ABOUT THIS TASK
Give the listing again exactly, omitting its images.

GIVEN INFORMATION
......
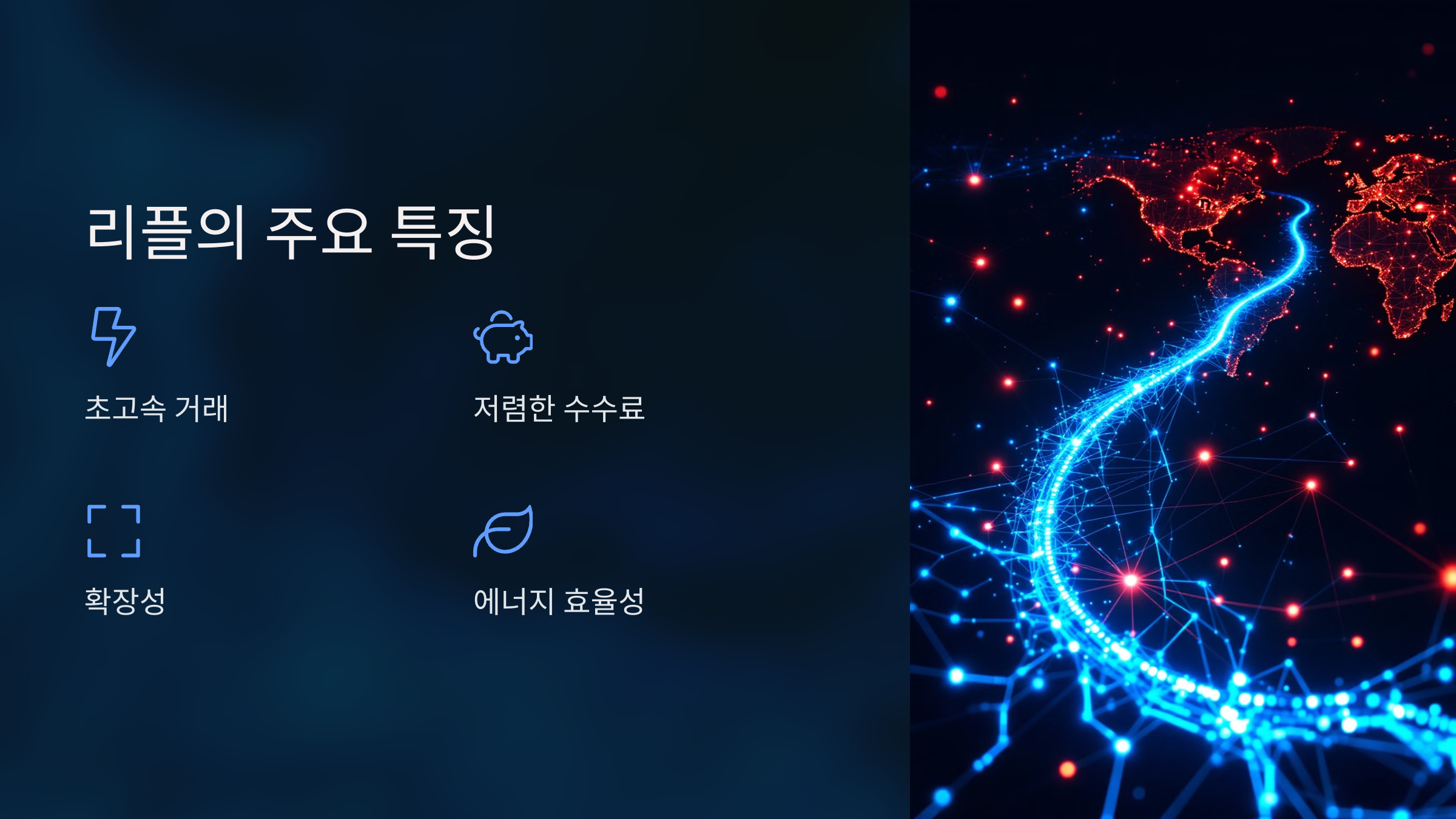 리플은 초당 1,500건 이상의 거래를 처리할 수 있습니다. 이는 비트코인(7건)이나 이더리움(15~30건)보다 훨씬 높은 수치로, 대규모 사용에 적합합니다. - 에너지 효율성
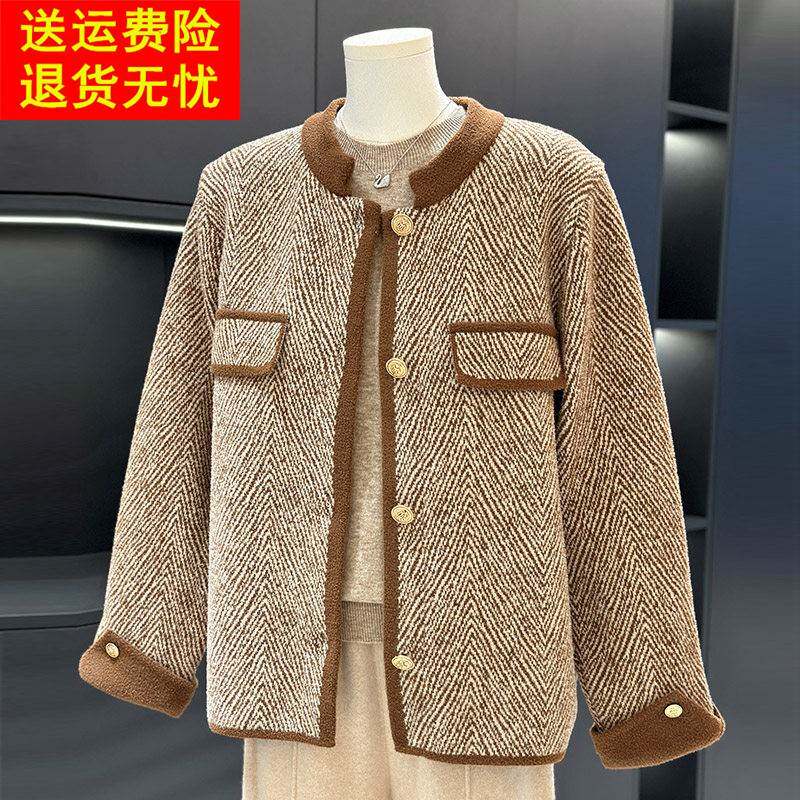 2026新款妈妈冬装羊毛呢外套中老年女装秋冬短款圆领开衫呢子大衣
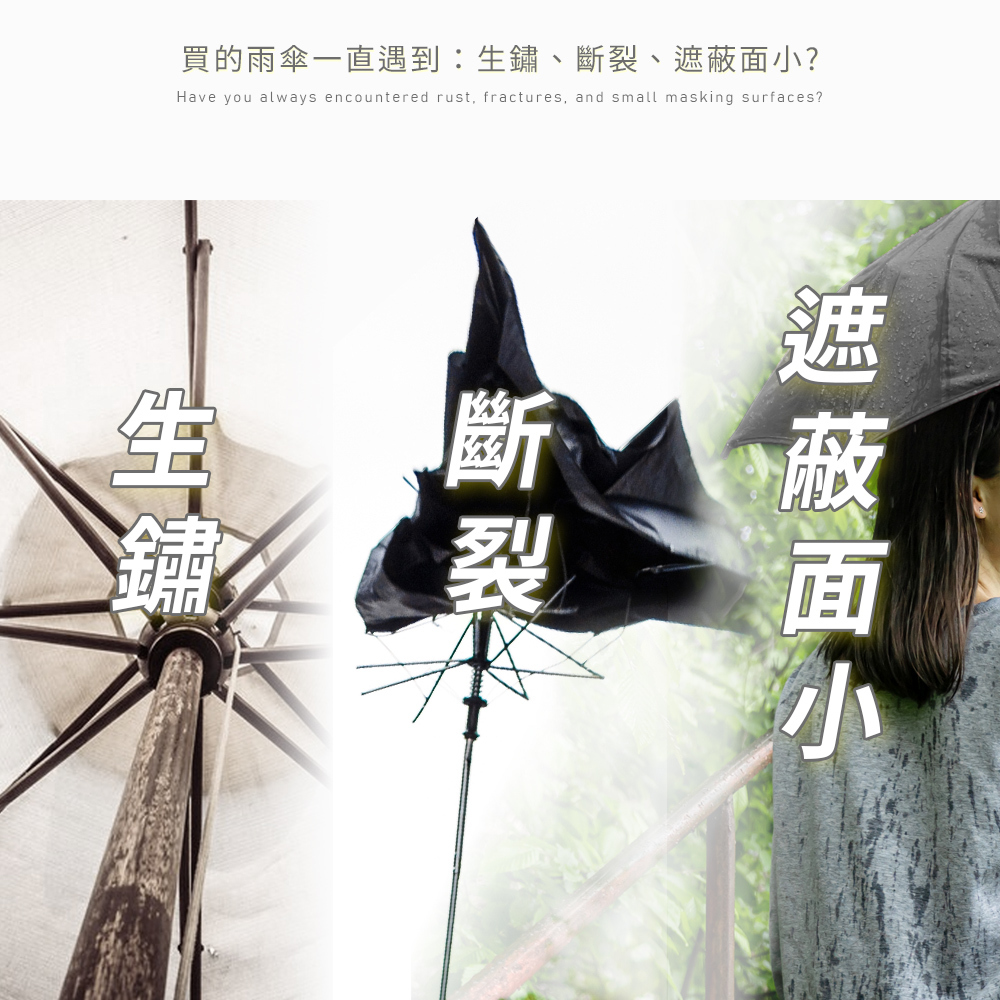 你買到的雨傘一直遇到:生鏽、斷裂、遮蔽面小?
......
RESPONSE BOX
 리플은 초당 1,500건 이상의 거래를 처리할 수 있습니다. 이는 비트코인(7건)이나 이더리움(15~30건)보다 훨씬 높은 수치로, 대규모 사용에 적합합니다. - 에너지 효율성
 2026新款妈妈冬装羊毛呢外套中老年女装秋冬短款圆领开衫呢子大衣
 你買到的雨傘一直遇到:生鏽、斷裂、遮蔽面小?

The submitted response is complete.